GOAL OF THE EXERCISE ->
Would you copy the records below, exactly and only from their first line through the line containing "리드코프(012700)는 코스닥에 상장되어", without any pictures?
START DATA EXTRACTS
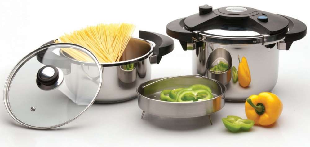 В 5 предметный набор Eclipse входят 2 скороварки диаметром 22 см на 6 л и 3 л с разметкой литража. Стеклянная крышка и крышка из нержавеющей стали подходят для скороварки на 3 л и для скороварки на 6 л. Съемную пароварку можно использовать как дуршлаг для мытья овощей. Материал корпуса: высококачественная нержавеющая сталь 18/10 с зеркальной полировкой. Крышка из нержавеющей стали с силиконовым ободком. Крышка стеклянная с ободком из нержавеющей стали и отверстием для выхода пара. Эргономичные черные пластиковые (фенольные) ручки. Материал клапана: нейлон. 3-х слойное капсульное дно. Посуда подходит для всех видов плит, включая индукционные. Корпус скороварки подходит для посудомоечной машины. Внимание! Крышку нельзя мыть в посудомоечной машине! Набор упакован в фирменную коробку.
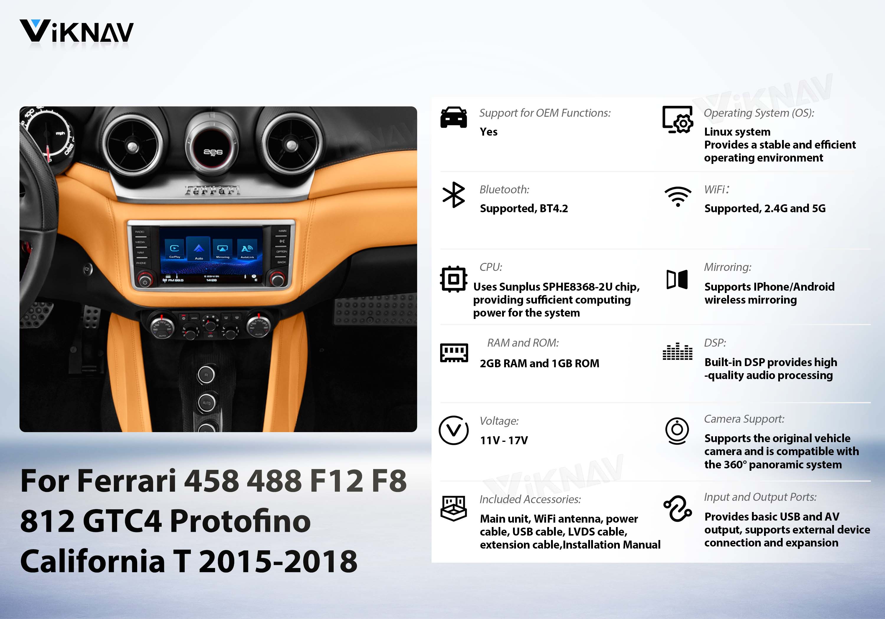 Viknav Linux System Decorder Box For Ferrari Support Bluetooth Wireless Android Auto Mirror Link
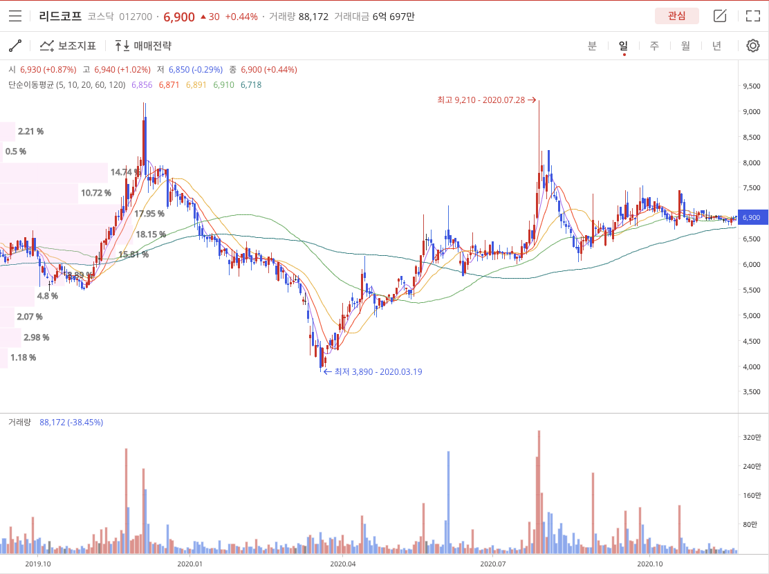 리드코프(012700)는 코스닥에 상장되어 있으며 COVID-19 저점 2020년 3월 19일 3,890원 저점을 찍고 2020년 7월 28일 고점 9,210원 찍고 2020년 11월 24일 6,900원에 정규장이 끝났습니다.
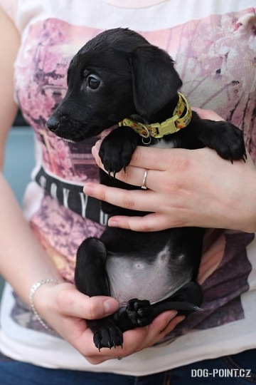 Lisa je dvouměsíční kříženec menšího vzrůstu. V jejích předcích mohl být možná jezevčík, špic, kokršpaněl - ale to jen tipujeme. Patří mezi větší ze sourozenců - při vážení na příjmu měla 1,6 kg. Předpokládáme tedy, že v dospělosti to bude spíše menší pes do deseti kilo.
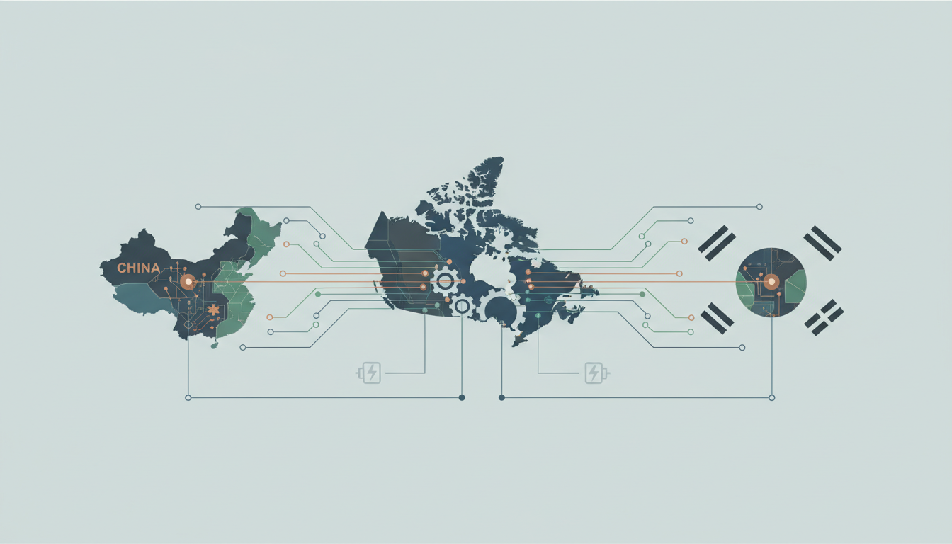 こうした状況を打開する好機としてカナダが着目したのが、世界的な電気自動車(EV)へのシフトです。内燃機関(ICE)からEVへの移行は、既存のサプライチェーンや技術的な優位性を大きく揺るがす地殻変動であり、新規参入や勢力図の塗り替えが起こりやすい領域です。カナダ政府は、この変化を捉え、自国を北米におけるEVおよびバッテリー生産のハブとすべく、積極的な企業誘致に乗り出しています。その戦略上、重要なパートナーとして白羽の矢が立ったのが、EVとバッテリー技術で世界をリードする中国や韓国の企業です。彼らの持つ先進技術、生産ノウハウ、そして巨大な資本を呼び込むことで、国内に新たな産業クラスターを形成しようという狙いが見て取れます。
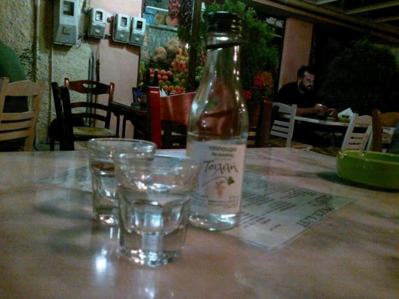 Ben meze ve rakı demiştim ama arkadaşım geleneksel bir içki olan tsipouro denememi önerdi. Tüm önerilere açık biri olarak tabi ki denedim. Tadı biraz acı rakı gibi daha çok Çeklerin tarçınlı içkilerine benziyor. Çok sevdiğim söylenemez. Rakıyı hatta uzoyu tercih ederim. Neyse efendim meze olarak 4 küçük tabakta domates, peynir ve patlıcan ezmesi geliyor bir de domuz salamı ama domuz istemiyorum derseniz salam yerine peynir veriyorlar. Bir de ekmek 1 Euro hatırlatayım.
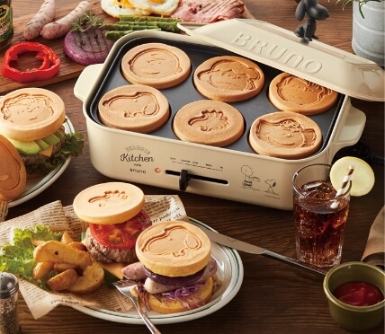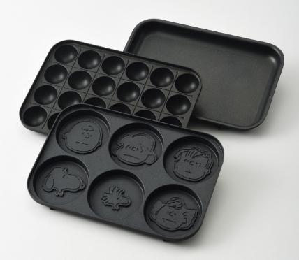平面プレート、たこ焼きプレートに加えて、スヌーピーたちのパンケーキが6種焼けるプレートが付属。
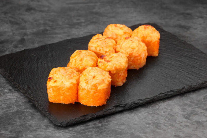 рис, норі, лосось, сир філадельфія, пармезан, ікра масаго, моцарела, майонез, соус шрірачча,огірок
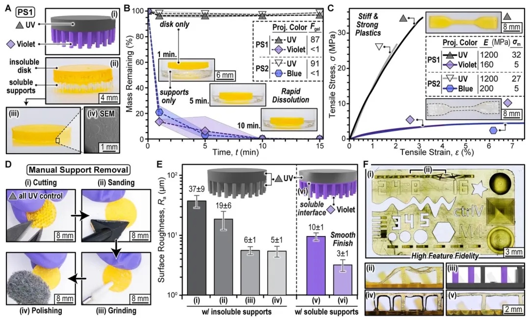 通过重量分析法、流变学测试及单轴拉伸实验,研究了可溶性支撑在乙酸乙酯中的溶解行为及力学特性。结果表明,含2 mol%链转移剂(EVS)的支撑材料在10分钟内完全溶解,凝胶分数(Fgel)仅约10%;其拉伸模量为160-200 MPa,断裂应力4.9±0.6 MPa,兼具足够支撑强度与快速溶解能力。相比之下,紫外固化的不溶性结构拉伸模量达1.2-1.6 GPa,浸泡后机械性能保持率超80%,证实材料体系的稳定性与实用性。
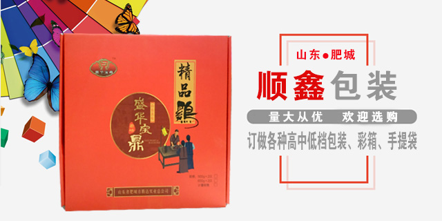 肥城顺鑫包装材料有限公司座落于举世闻名的泰山脚下,肥桃之乡,公司致力于各种高、中、低档包装、彩箱、手提袋等的设计与制作。我公司倡导“以人为本、科学管理、重合同、守信誉”的企业精神,以优的产品,好的服务,良好的信誉,竭诚为广大客户提供性价比较高的产品及满意的服务。
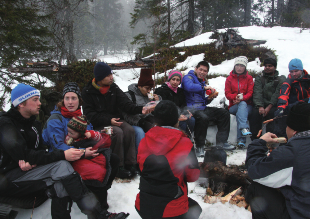 - u9 j4 h# r5 {& p" X! k: y 周利(后排右四)在挪威读博期间和同学在一起
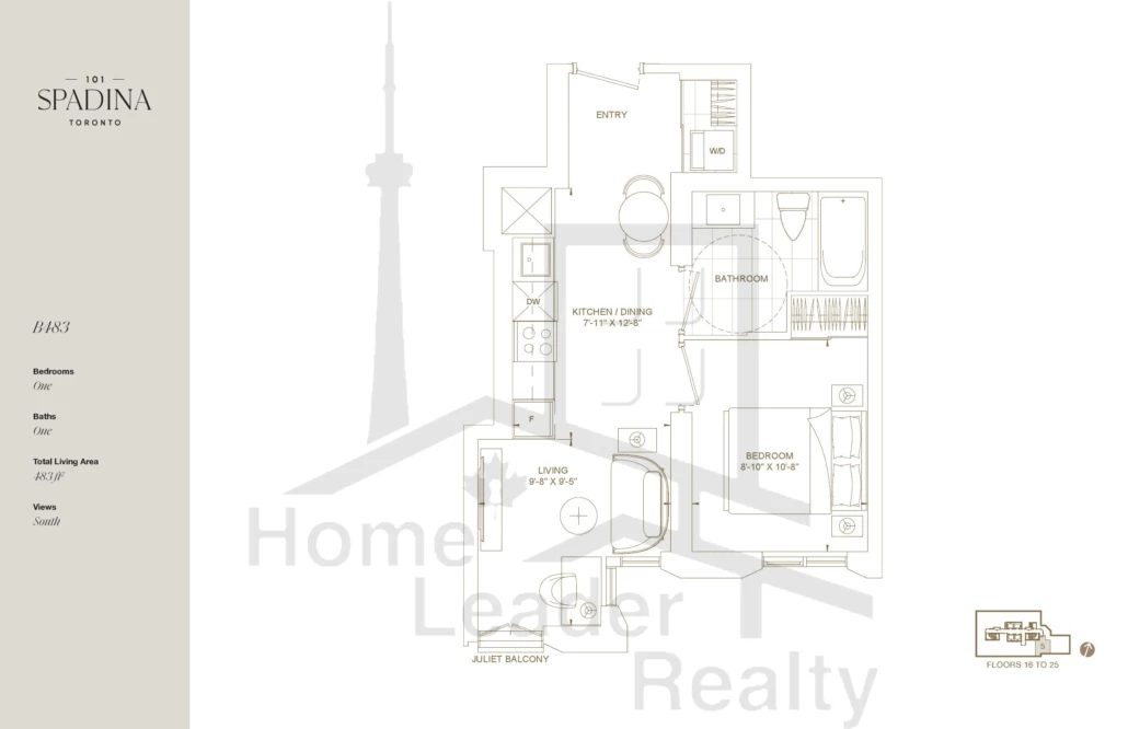 C509 1.5 Bed , 1 Bath 509 SQFT South
END DATA EXTRACTS
WRITTEN SOLUTION ->
 В 5 предметный набор Eclipse входят 2 скороварки диаметром 22 см на 6 л и 3 л с разметкой литража. Стеклянная крышка и крышка из нержавеющей стали подходят для скороварки на 3 л и для скороварки на 6 л. Съемную пароварку можно использовать как дуршлаг для мытья овощей. Материал корпуса: высококачественная нержавеющая сталь 18/10 с зеркальной полировкой. Крышка из нержавеющей стали с силиконовым ободком. Крышка стеклянная с ободком из нержавеющей стали и отверстием для выхода пара. Эргономичные черные пластиковые (фенольные) ручки. Материал клапана: нейлон. 3-х слойное капсульное дно. Посуда подходит для всех видов плит, включая индукционные. Корпус скороварки подходит для посудомоечной машины. Внимание! Крышку нельзя мыть в посудомоечной машине! Набор упакован в фирменную коробку.
 Viknav Linux System Decorder Box For Ferrari Support Bluetooth Wireless Android Auto Mirror Link
 리드코프(012700)는 코스닥에 상장되어 있으며 COVID-19 저점 2020년 3월 19일 3,890원 저점을 찍고 2020년 7월 28일 고점 9,210원 찍고 2020년 11월 24일 6,900원에 정규장이 끝났습니다.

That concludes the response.